Humans can't bolt much faster than Usain: What science says about the 100m world record

By Matt Porter / Roar Guru

We’ve just watched the incomparable Usain Bolt ensure his immortality as the greatest sprinter of all time with his third successive 100m Olympic Gold medal in Rio.

The world rejoiced and the embattled Rio Olympics organisers and IAAF breathed a sigh of relief as the Great Jamaican ran down twice convicted doping cheat Justin Gatlin to claim his rightful place in the Olympic pantheon.

The triumph came barely half an hour after South African Wayde van Niekerk smashed Michael Johnson’s 17-year-old 400m world record to beat home a star-studded field in the final of that event to scorch the lap in 43.03s, a whopping 0.15s faster than the old mark.


What an hour for the fastest humans on the planet. 

The 100m final is my favourite nine and a bit seconds of any Olympic Games. So primal. So raw. No other modes of transport involved. No distance to endure, water to splash through or bends in the track to negotiate. No racquets, bats, clubs or balls. Just the fastest of a land-based mammal species attempting to out-run one another from start to finish over a very short distance in a straight line.

The pre-race theatrics and psych-out game-faces of these strutting alpha males worth the price of admission alone.

And how mouth-watering is Bolt vs Van Niekerk in the 200m later in the week? 

I get to thinking, when it rolls around every four years, at what point do the sprint records stop getting broken?

When do humans reach the limit of the speed they are physiologically capable of running any faster than?

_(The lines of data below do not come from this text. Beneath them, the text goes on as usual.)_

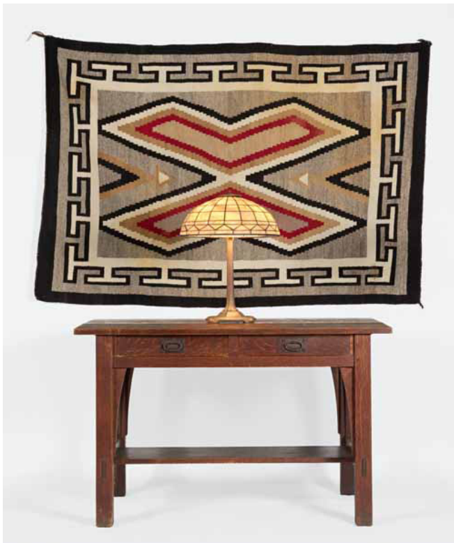
Tiffany Studios on Stickley No. 615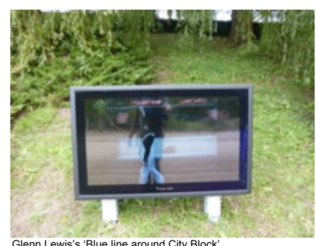
Glenn Lewis's 'Blue line around City Block'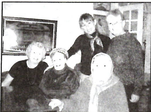
Two of the Babuska Brigade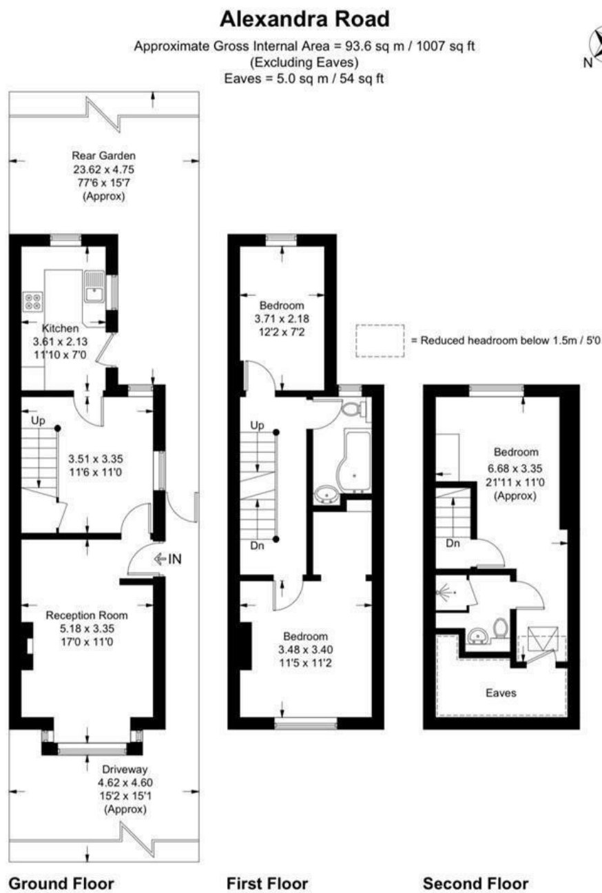
Illustration for identification purposes only, measurements are approximate, not to scale. (ID1261336)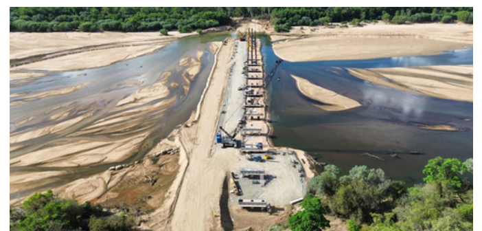
Five headstocks installed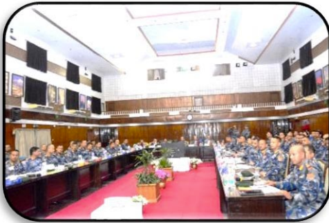
Conference on Border Security and Revenue Leakage Control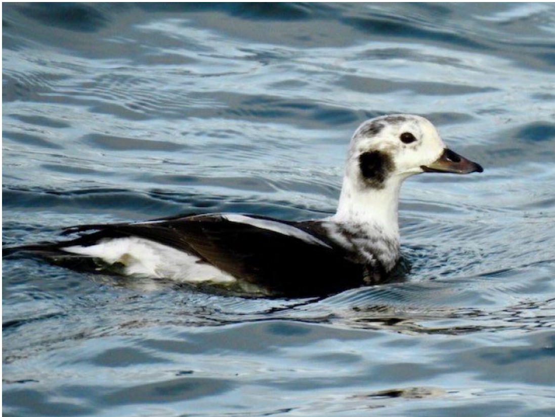
Long-tailed Duck

As usual, small numbers were reported offshore but the records in May, June and July were unseasonal and noteworthy.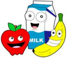
Table Manners at Westside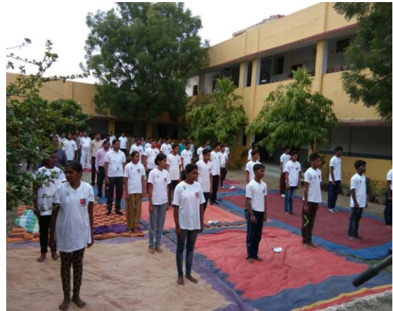
INTERNATIONAL YOGA DAY 21 JUNE 2017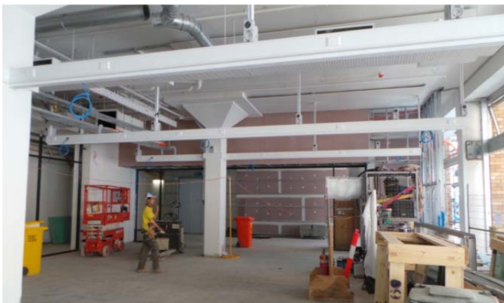
Level 1 laboratory space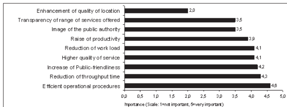
Figure 1. Objectives on implementing e-government (Scheer et al., 2003)

The transition from traditional administrative processes to E-Government processes means not only an adoption of previous (non-electronic) procedures onto electronic ones but also it opens new possibilities and challenges regarding reorganization and process reengineering (Wimmer, 2002, pp. 149-156). Before the implementation of new software a process analysis and design should be conducted (Matheis et al., 2006). A use of Business Process Management (BPM) methods after important technical decision or implementation of new software can only yield to a sub-optimal result. Nevertheless most of actual E-Government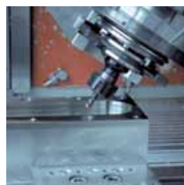
› Mechanical engineering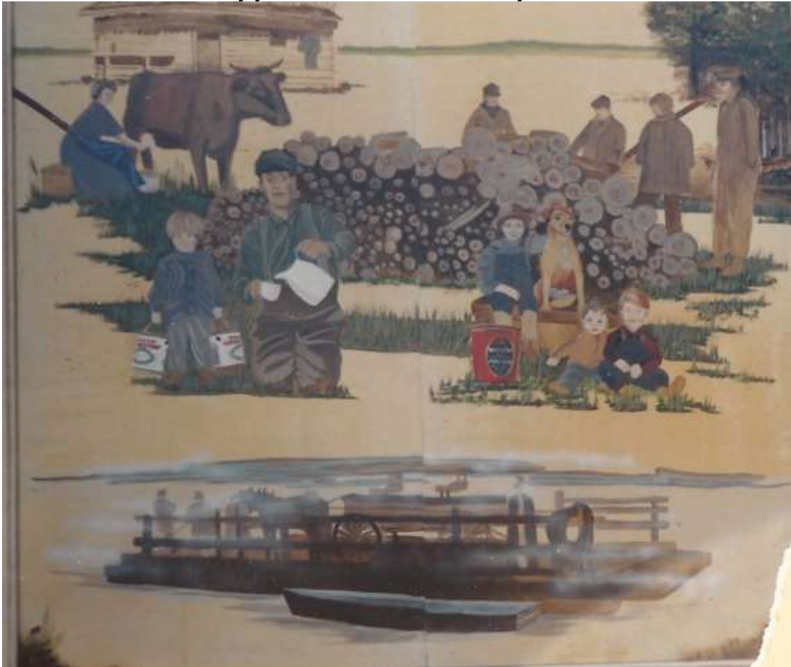
1 Many panels in the Elk Point Mural show how settlement developed

In the thriving community of Elk Point is located a within the County of St. Paul in the middle of farm fields and fields rich with with heavy crude oil. This town of 1400 is cradled among green rolling hills on the banks of the North Saskatchewan River. From furs and pemmican to grain and meat, to salt and oil, the Elk Point area has a colourful history that is showcased on a 100-foot-long Historical Mural depicting the people, places and events which have contributed to Elk Point's multicultural heritage located in a small park four blocks off Highway 41, on 50 Avenue. From tribal chiefs Pakan, Big Bear and Poundmaker, to the development of a modern community you will see Elk Point's history unfold in colour.

Looking at the 100m, we’re probably not all that far from it now. Bolt’s 9.58s world record (that’s 44.8k per hour or 10.44m per second – from a standing start, so at some point he was probably doing about 13m per second) was set seven years ago.

His time today was 9.81s, after a typically dreadful start.

The men’s 100m world record back in 1891 when these things were first reliably recorded was 10.8s. So it took 118 years and quantum leaps in sports science, preparation, conditioning, apparel (not to mention sponsorship and media dollars) etc to shave 1.22s off the mark.

It’s unlikely that we’ll see the current record lowered by 1.22 seconds ever – let alone within the next 118 years.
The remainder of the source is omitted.